Listen to Jim Keller’s sermon from The Upside of Down series here. 

Not a perfectionist

I have a confession to make.

I’m not who you think I am.

I’m going to tell you a big secret. Are you ready?

I am…

A mess. Such a gigantic mess.

People who know me from work often mistake me for a perfectionist. Someone who is organized. Detail-oriented. Punctual. Put-together. A Stickler with a capital S. When I try to protest, “No, I’m really not!” I’m usually dismissed with a wave and a laugh. “I know it’s hard when you’re a perfectionist,” they say. “You’re too hard on yourself.” And I’m left feeling bewildered, because I know the real me, and I’m thinking, Wanna come over to my house and see for yourself how NOT a perfectionist I am?

To be fair, when you’re a copy editor by profession (OK, really by nature), the desire for neatness and consistency and right-ness is part of the gig. So yes, I can make sentences flow nicely, and I can draw people in with a compelling paragraph (gosh, at least I hope that’s what I’m doing), and I can try my best to make sure the capitals and the commas and the quotation marks are all in their proper places. On paper and on screen, yes, I am organized. I am neat. I am annoying with my red pen.
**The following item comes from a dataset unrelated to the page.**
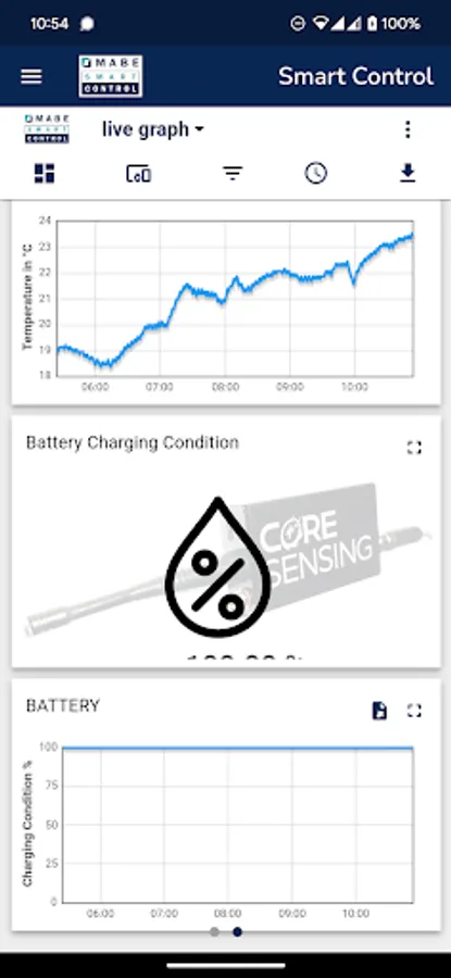 - Monitoring of current and historical sensor values (historical values via the MABE Smart Control Cloud)

I hold all the Rules, the Guidelines, the Rights and Wrongs in my brain, and can whip them out at a moment’s notice.

So why in the world can’t I be like that in my actual, day-to-day life?
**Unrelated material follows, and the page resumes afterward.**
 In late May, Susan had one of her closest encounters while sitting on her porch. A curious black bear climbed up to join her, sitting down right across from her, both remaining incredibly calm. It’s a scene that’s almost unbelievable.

A typical morning in my house starts around 6:30 a.m., when my 6-year-old bounces out of bed in the most annoyingly cheerful manner (let’s get real, I’m just jealous of her morning-person super powers). She wakes me up and then flips on PBS because it takes me about half an hour to become coherent in the mornings, and she knows this. Bless her. Once I’ve woken up enough to notice the time, my morning panic ritual begins. I forgot to make the baby’s bottles for the day last night! I forgot to run a load of school uniform laundry! I forgot to prep our lunches! I never checked E’s backpack yesterday to even see if she had homework or papers that needed signing. I forgot that I was supposed to run to the store for decent school lunch items, and now I’m sending my child to school with four varieties of crackers and a juice box. You get the idea. By some miracle, I get the baby fed and settled with whoever is watching her that day, and we usually manage to get ourselves out the door at least close to on-time. But more often than not, my hair is still wet, and I do my makeup in the car after dropping off the 1st grader but before I arrive at work… or in the office parking lot, where I wave to my coworkers from my minivan with a tube of mascara in my hand as they’re walking in.

Then I remember, I didn’t plan anything for dinner, either.

And on these mornings, I beat myself up over what a total disaster I am, and what a mess my life feels like, and how tired and guilty I feel. And then I pull it together, walk into work, sit down at my desk, pop open my laptop, and train my focus elsewhere, putting everything else out of my mind until I’m back home again that evening and starting it all over again.

I need help.

Over the weekend, this routine—which began around August of last year, when I returned to work part-time after our sweet miracle baby (a story for another day) was a little over 3 months old—finally caught up with me, and I collapsed under the weight of the burden I’d been carrying. I cried, I curled up into a ball, I yelled at my amazing, wonderful, always supportive husband, I cried some more, I apologized… I felt all the feels, as I guess people are saying these days. I felt them out loud, and it was ugly. And then I took a deep breath, and I let God take it all, and I slept.

All I can say is Praise God, His mercies are new every morning. On Sunday I woke with a new resolve. Instead of feeling this sense of pressure because of all that I perceive to be expected of me and because of what all the other working moms are doing well (are they, really though? am I not alone in this chaotic existence?), I felt something new and unusual and a little uncomfortable…

Grace.

Boy, am I flawed. So flawed! I am so imperfect. I do not have it all together, as much as I’m tempted to pretend I do. My life is messy, and I am a human being in need of grace. God gives us His grace so freely, and it’s so unbelievable and so overwhelming, and yet, that I can grasp. Giving myself a little grace, though? For a mom/ wife/ daughter/ sister/ friend/ employee who wants so badly to be the person everyone needs me to be? That is hard.

This morning I took a little trip to Target with the baby (she doesn’t seem to like Target much, which is really a problem), and I had a little too much fun selecting file folders and desk organizers and a planner. It’s a tiny step toward organizing my home life so that I can be the mom and wife and woman God has called me to be… not because it’s what’s expected of me, but because I want to take good care of these people He’s given me. It’s by no means a magic wand that will fix my messiness. I’m sure I will still feel messy, and my home will be dusty and un-vacuumed, and my surfaces will be cluttered. I will probably still forget to make the bottles sometimes, and I will probably definitely still pull a dirty shirt out of the hamper and wear it again because I decided to sleep instead of do laundry last night.

But today my heart feels a little tidier, and it’s a good place to start.